An unusual program is making an equally unusual offer for west coast adults ages 18 to 35. Sea School Northwest, a program designed to train adults for entry-level maritime jobs in eight weeks at sea, has a large number of scholarships to grant in 2018 and is asking people to apply for a free training.
“We are looking for young adults who are ready to jump in, and start something totally new in their life,” said program Assistant Director, Caitlin Stanton. “Joining Sea School Northwest means you will leave home, join the crew of a ship, and become a mariner. If you complete the program, you’ll get a foot in the door to an amazing, high-wage, growing job market. We have scholarships for people who are ready to make the leap.”
Not sure what life at sea would be like? The jobs are as varied as the types of vessels on the water. The Sea School Northwest website mentions tug boats, scientific research vessels, small passenger vessels, cruise ships, and even an option for homebodies – shipyards that don’t require regular travel and have set hours.
If you’re ready to run away to sea, more information and application paperwork can be found at www.seaschoolnw.org.
“The common thread that I see uniting these jobs is that it’s hands-on work that you can be proud of, a good wage and benefits so you can live a good life, and a lot of opportunity for promotion. These are not dead end jobs – the industry is wide open and growing,” shared Program Director, Hali Boyd.
Scholarships cover everything from program tuition, to travel to and from the boat, and even provide a kit with work clothes and all needed tools.
Diverse applicants are encouraged to apply. While the minimum criteria for a full scholarship is being 18 to 35 and making less than double the federal poverty level wage, the Sea School Northwest website states, “We believe that equity and diversity are essential to a thriving, modern maritime workforce. In order to fulfill our mission to change the face of the maritime industry, we must take into account our society’s inequalities, including those based on race, class, gender, sexuality, ability, and geography.
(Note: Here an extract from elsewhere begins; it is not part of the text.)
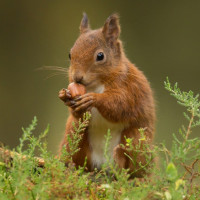 The image shows a red squirrel with a bushy tail standing in what appears to be a woodland or forest environment. The squirrel is engaged in an activity, holding what looks like a piece of food, possibly a nut or fruit, in its paws. The setting includes some vegetation and a fallen tree trunk on the ground nearby.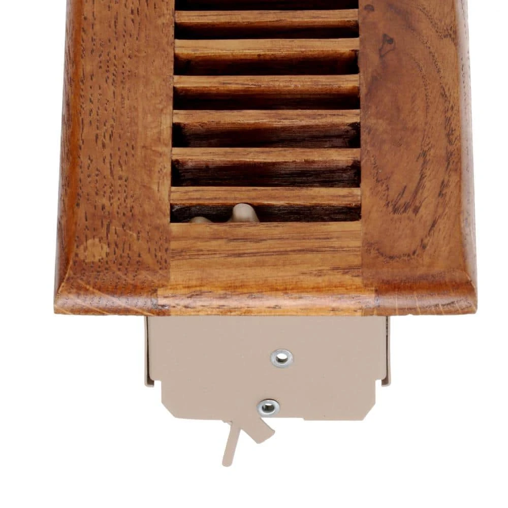 The E1448M 02X12 is a 2 in. x 12 in. 2-way air register used for floor openings. The face is made from oak and comes Medium Finished. Our Smooth glide technology ensures rattle free and quiet airflow from your central air system. Smooth glide also provides for smooth opening and closing of your back dampers.

Through the direct support of women, people of color, LGBTQ people, registered tribal members and the coastal residents of the waters that we impact, we will continue to break barriers and create opportunities that challenge the status quo.”
For those who want to learn more, the program has a series of vessel Open Houses, and Panel Discussions between working mariners listed on its website events page. Especially sought are people from the many communities served by tall ships Lady Washington and Hawaiian Chieftain, which includes port communities in Washington, Oregon, and California.